Hidden layers fine-tune the input weightings until the neural network’s margin of error is minimal. It is hypothesized that hidden layers extrapolate salient features in the input data that have predictive power regarding the outputs. This describes feature extraction, which accomplishes a utility similar to statistical techniques such as principal component analysis.
Deep-learning networks are distinguished from the more commonplace single-hidden-layer neural networks by their depth; that is, the number of node layers through which data must pass in a multistep process of pattern recognition.
Earlier versions of neural networks such as the first perceptrons were shallow, composed of one input and one output layer, and at most one hidden layer in between. More than three layers (including input and output) qualifies as “deep” learning. So deep is not just a buzzword to make algorithms seem like they read Sartre and listen to bands you haven’t heard of yet. It is a strictly defined term that means more than one hidden layer.

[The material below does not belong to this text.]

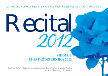 X I O G Ó L N O P O L S K I E S P O T K A N I A Ś P I E WA J Ą C Y C H P O E Z J Ę Recital 2012 SIEDLCE LCE 12-13 PAŹDZIERNIKA 2012 Centrum Kultury i Sztuki im. A. Meżeryckiego Scena Teatralna Miasta a Siedlce ul. Bpa I. Świrskiego 31,, Siedlce Nie rozmawiajmy o polityce braku pieniędzy dolegliwościach wejdźmy w poezję z zamkniętymi oczami zostawmy historię niech przez kilka godzin toczy się sama jest koniec dwudziestego wieku złudne filozofie upadają ludzie odchodzą bez wyjątku a tutaj drganie serca marzenia z orzeźwiającym dotykiem strof i muzyka płynąca jak obłoki naszych snów Eugeniusz Kasjanowicz „Recital” to festiwal szczególny, gdzie co prawda laury są ważne, lecz ważniejsze jest to niezwykłe spotkanie i wspólne, twórców i odbiorców, uchylenie furtki do tajemniczego ogrodu wzruszeń, zamyśleń, emocji i zrozumienia.... „Recital” to festiwal, na którym, dzięki otwartości form muzycznych i interpretacyjnych, ciągle poszerzamy i wzbogacamy obszar „poezji śpiewanej” dodając jej nowych, przystających do współczesności znaczeń. Piosenka poetycka zaś staje się antidotum na hałas, chaos i totalną komercjalizację, a mimo nie rozpieszczania jej wykonawców przez media cieszy się uznaniem i zainteresowaniem tych, którzy pragną wartości głębokich i pięknych … Jest nas wielu... Ś. P. Andrzej Meżerycki Pragniemy kontynuować idee „Recitalu” zawarte w przesłaniu Andrzeja Meżeryckiego. Najważniejszą z nich jest potrzeba obcowania, choć przez chwilę, z tęsknotą za prawdą, wrażliwością, mądrością. Próbujemy dać Państwu chwilę wytchnienia od sztampy, tandety i prostactwa, którymi na co dzień karmieni jesteśmy przez media. Pokażmy, że jesteśmy tą częścią społeczeństwa, które ceni artyzm i dobry klimat sprzyjający refleksji i wzruszeniu. Mariusz Orzełowski Waldemar Koperkiewicz www.ckis.siedlce.pl Pomysł: ANDRZEJ MEŻERYCKI Dyrektor artystyczny festiwalu: WALDEMAR KOPERKIEWICZ XI Ogólnopolskie Spotkania Śpiewających Poezję RECITAL 2012 Projekt znaku, plakatu i statuetki IRENEUSZ PARZYSZEK, PIOTR TOŁWIŃSKI Organizacja i realizacja imprezy: CENTRUM KULTURY I SZTUKI IM. A. MEŻERYCKIEGO SCENA TEATRALNA MIASTA SIEDLCE 12 PAŹDZIERNIKA (piątek) 13 PAŹDZIERNIKA (sobota) godz. 15.30 Przesłuchania konkursowe godz. 19.30 Współorganizacja: DOM PRACY TWÓRCZEJ „REYMONTÓWKA”, DRUKARNIA IWONEX, ING BANK ŚLĄSKI, BANK SPÓŁDZIELCZY, TYGODNIK SIEDLECKI Współpraca organizacyjna: ROBERT PROTASEWICZ, JAROSŁAW SKROBECKI, ANNA KASJANIUK, BOŻENA TUREMKO-TOMKIEL, MARIA MAZURKIEWICZ, ANNA HARKE, TOMASZ JANECZKO Realizacja techniczna: TOMASZ SALACH, MARCIN KOSTYRA, ROBERT NAWACKI, MARCIN SÓJKA, KRZYSZTOF BARABASZ, JAN ŚNITKO, RAFAŁ WAWRYNIUK, RADOSŁAW KOWALCZYK, ZBYSZEK KAMIŃSKI Prowadzenia koncertów: ANDRZEJ PONIEDZIELSKI godz. 19.30 Koncert z okazji jubileuszu 40-lecia pracy twórczej Waldemara Koperkiewicza wystąpią m.in.: ARTUR ŻMIJEWSKI K FELICJAN ANDRZEJCZAK MAREK PIEKARCZYK WOJCIECH ZIELIŃSKI MILENA MADZIAR AKTORZY TEATRU ES KONCERT LAUREATÓW Gwiazdy Festiwalu wystąpią: ELŻBIETA ADAMIAK ANDRZEJ PONIEDZIELSKI LORA SZAFRAN do tej pory O G Ó L N O P O L S K I E S P OT K A N I A Uczestnikami I,II,III,IV,V,VI,VII, VIII i IX OGÓLNOPOLSKICH SPOTKAŃ ŚPIEWAJĄCYCH POEZJĘ RECITAL BYLI: Edyta Łukaszewska, Jarosław Wasik, Iwona Kobylińska, Ewa Tarasiewicz, Krzysztof Żyliński, Przemysław Kazimierski, Magdalena Turowska, Paweł Dampc, Beata Polańska, Adriana Gostkowska, Marta Kowalczuk, Krzysztof Ruciński, Marzena Machura, Agata Budzyńska, Wojciech Szuniewicz, Waldemar Śmiałkowski, Joanna Rutecka, Grzegorz Narowski, Andrzej Ciborski, Katarzyna Szramko, Cecylia Sadowska, Jolanta Gendzel, Szymon Zychowicz, Małgorzata Duk, Tomasz Lewandowski, Violetta Zalewska, Maciej Zenfler, Marek Andrzejewski, Jagoda Naja, Ilona Ostałowska- Olejnik, Katarzyna Borkowska, Wacław Węgrzyn, Nie ma nas, Miłka Malzahn, 4 Pory Roq, Beata Fiedorow, Waldemar Jabłoński, Piotr Woźniak, Wolny wybór, Orkiestra Dni Naszych, Grupa MacJaMa, DNA, Dzień Narodzin, Ewa Szumska, Dagmara Korona- Persowska, Joanna Radecka, Dorota Pruszkowska, Barbara Raduszkiewicz, Jolanta Litwin, Barbara Stępniak, Robert Kasprzycki, Wojtek Straszyński, Dominika Kurdziel, Ewa Głowacka, Robert Mazurkiewicz, Agata Ślazyk, Małgorzata Włodarska, Janusz Onufrowicz, Magdalena Orłowska, Jolka Sip, Jacek Musiatowicz, Tomasz Hapunowicz, Edyta Szewczyk, Marcin Styczeń, Tomek Lewandowski, Katarzyna Kozak, Zdzisława Muzolf, Wojciech Orszulak, Dorota Ślęzak, Monika Parczyńska, Gabriela Lencka, Kamil Wasicki, Justyna Panfilewicz, Dominika Barabas, zespół „Morże być”,Piotr Dąbrówka, Piotr Szauer, Retrospektakl, Marcin Skrzypczak, Marta Andrzejczyk, Bieguni, Lena Lepiarczyk. W PRACACH jury UDZIAŁ WZIĘLI: Elżbieta Wojnowska, Mirosław Czyżykiewicz, Przemysław Gintrowski, Andrzej Głowacki, Piotr Dehr, Zbigniew Piasecki, Leszek Długosz, Tadeusz Woźniak, Tadeusz Śliwiak, Włodzimierz Pawlik, Janusz Strobel, Janusz Tylman, Elżbieta Adamiak, Roman Śliwonik, Tadeusz Górny, Tomasz Kopeć, Waldemar Koperkiewicz, Lech Nowicki, Eugeniusz Kasjanowicz, Jerzy Satanowski, Nikos Chadzinikolau, Teresa Drozda, Janusz Deblessem, Jan Kondrak, Grzegorz Skwarek, Piotr Mikołajczak, Wojciech Gęsicki Ś P I E WA J ĄC YC H P O E Z J Ę R E C I TA L gwiazd WŚRÓD KTÓRE UŚWIETNIŁY POPRZEDNIE EDYCJE RECITALU M.IN. BYLI: Elżbieta Wojnowska, Krystyna Tkacz, Elżbieta Sieradzińska, Przemysław Gintrowski, Mirosław Czyżykiewicz, Roman Kołakowski, Teatr Polski z Bydgoszczy, Jolanta Majchrzak, Tadeusz Woźniak, Leszek Długosz, Antonina Krzysztoń, Elżbieta Adamiak, Andrzej Poniedzielski, Czesław Niemen, Wojciech Młynarski, Jacek Wójcicki, Jan Jakub Należyty, Renata Przemyk, Stanisława Celińska, Artur Barciś, Edyta Geppert, Hanna Banaszak, Jacek Różański, Martyna Jakubowicz, Orkiestra Dni Naszych, Anna Szałapak

In deep-learning networks, each layer of nodes trains on a distinct set of features based on the previous layer’s output. The further you advance into the neural net, the more complex the features your nodes can recognize since they aggregate and recombine features from the previous layer.
A major misconception is that neural networks can provide a forecasting tool that can offer advice on how to act in a particular market situation. Neural networks do not make any forecasts. Instead, they analyze price data and uncover opportunities.

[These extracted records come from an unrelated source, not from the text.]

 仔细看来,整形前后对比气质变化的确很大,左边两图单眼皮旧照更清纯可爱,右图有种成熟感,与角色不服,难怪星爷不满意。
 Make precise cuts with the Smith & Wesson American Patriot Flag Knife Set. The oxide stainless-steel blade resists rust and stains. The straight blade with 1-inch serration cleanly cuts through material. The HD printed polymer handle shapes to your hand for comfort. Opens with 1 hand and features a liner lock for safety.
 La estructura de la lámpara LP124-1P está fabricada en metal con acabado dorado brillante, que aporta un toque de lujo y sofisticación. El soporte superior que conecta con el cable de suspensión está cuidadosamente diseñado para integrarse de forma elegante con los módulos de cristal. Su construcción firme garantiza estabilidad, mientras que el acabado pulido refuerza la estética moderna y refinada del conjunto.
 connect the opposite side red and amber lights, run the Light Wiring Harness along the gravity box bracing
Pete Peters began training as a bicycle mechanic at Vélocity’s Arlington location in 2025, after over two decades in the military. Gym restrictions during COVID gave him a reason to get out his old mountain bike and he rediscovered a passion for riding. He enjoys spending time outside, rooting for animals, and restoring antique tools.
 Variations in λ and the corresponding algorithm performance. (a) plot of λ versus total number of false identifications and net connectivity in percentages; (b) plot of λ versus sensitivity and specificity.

Using a neural network, you can make a trade decision based on thoroughly examined data, which is not necessarily the case when using traditional technical analysis methods. For a serious, thinking trader, neural networks are a next-generation tool with great potential that can detect subtle non-linear interdependencies and patterns that other methods of technical analysis are unable to uncover.

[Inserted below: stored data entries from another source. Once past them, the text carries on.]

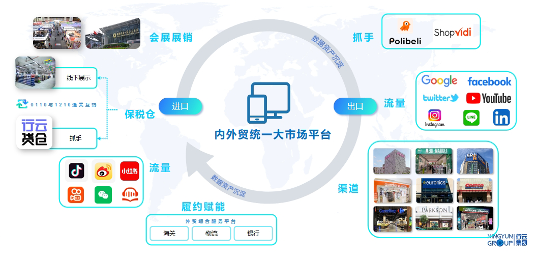 在积极响应中央构建全国统一大市场的系统性改革过程中,行云集团作为中国跨境电商高质量发展的引领者,与地方政府深度融合,携手能力共建,用数字化手段促进内外贸一体化高质量发展,给地方商家带来集约式的一站式数字化平台系统解决方案,帮助政府运营生态,引导政策,发挥集聚效应,带来数据增量,为提升市场主体内外贸一体化发展水平找到新破局点。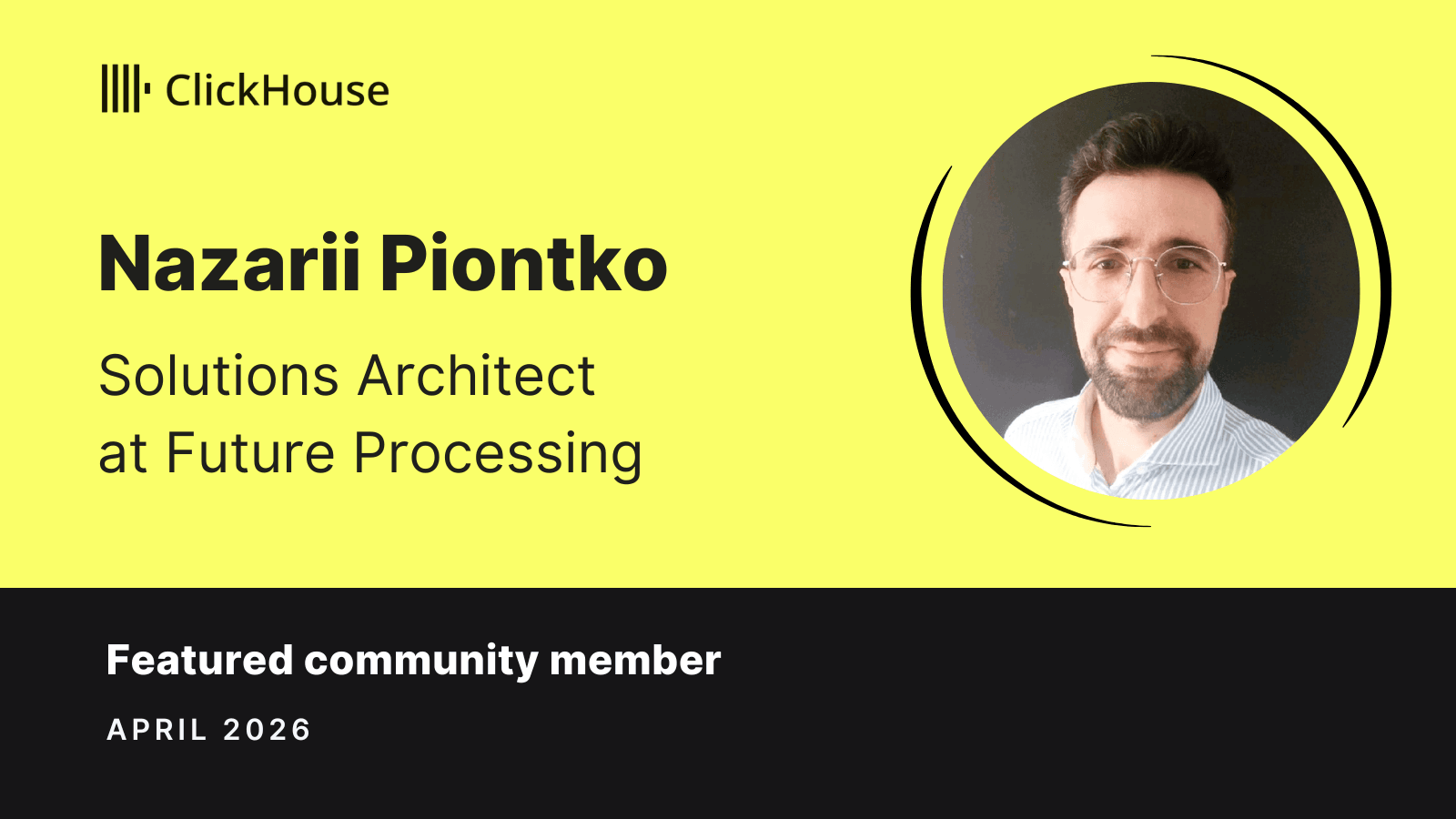 Nazarii contributed two features to ClickHouse 26.3 LTS: the naturalSortKey function, which enables intuitive sorting of strings containing numbers (so "file10" sorts after "file9", not "file1"), and support for the ALP compression codec, which brings efficient lossless compression for floating-point data.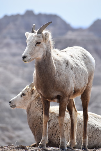 Two bighorn sheep on a cliff overlooking the Badlands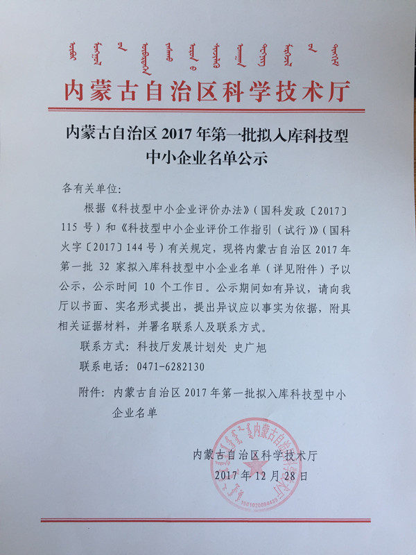 内蒙古自治区2017年第一批拟入库科技型中小企业名单公示正文.jpg PICTURE

Neural networks are broadly used for real-world business problems such as sales forecasting, customer research, data validation, and risk management.
Target marketing involves market segmentation, where we divide the market into distinct groups of customers with different consumer behaviour.
Neural networks are well-equipped to carry this out by segmenting customers according to basic characteristics including demographics, economic status, location, purchase patterns, and attitude towards a product. Unsupervised neural networks can be used to automatically group and segment customers based on the similarity of their characteristics, while supervised neural networks can be trained to learn the boundaries between customer segments based on a group of customers.
- Retail & Sales
Neural networks have the ability to simultaneously consider multiple variables such as market demand for a product, a customer’s income, population, and product price. Forecasting of sales in supermarkets can be of great advantage here.
If there is a relationship between two products over time, say within 3–4 months of buying a printer the customer returns to buy a new cartridge, then retailers can use this information to contact the customer, decreasing the chance that the customer will purchase the product from a competitor.
- Banking & Finance
Neural networks have been applied successfully to problems like derivative securities pricing and hedging, futures price forecasting, exchange rate forecasting, and stock performance. Traditionally, statistical techniques have driven the software. These days, however, neural networks are the underlying technologies driving decision making.
It is a trending research area in medicine and it is believed that they will receive extensive application to biomedical systems in the next few years. At the moment, the research is mostly on modelling parts of the human body and recognizing diseases from various scans.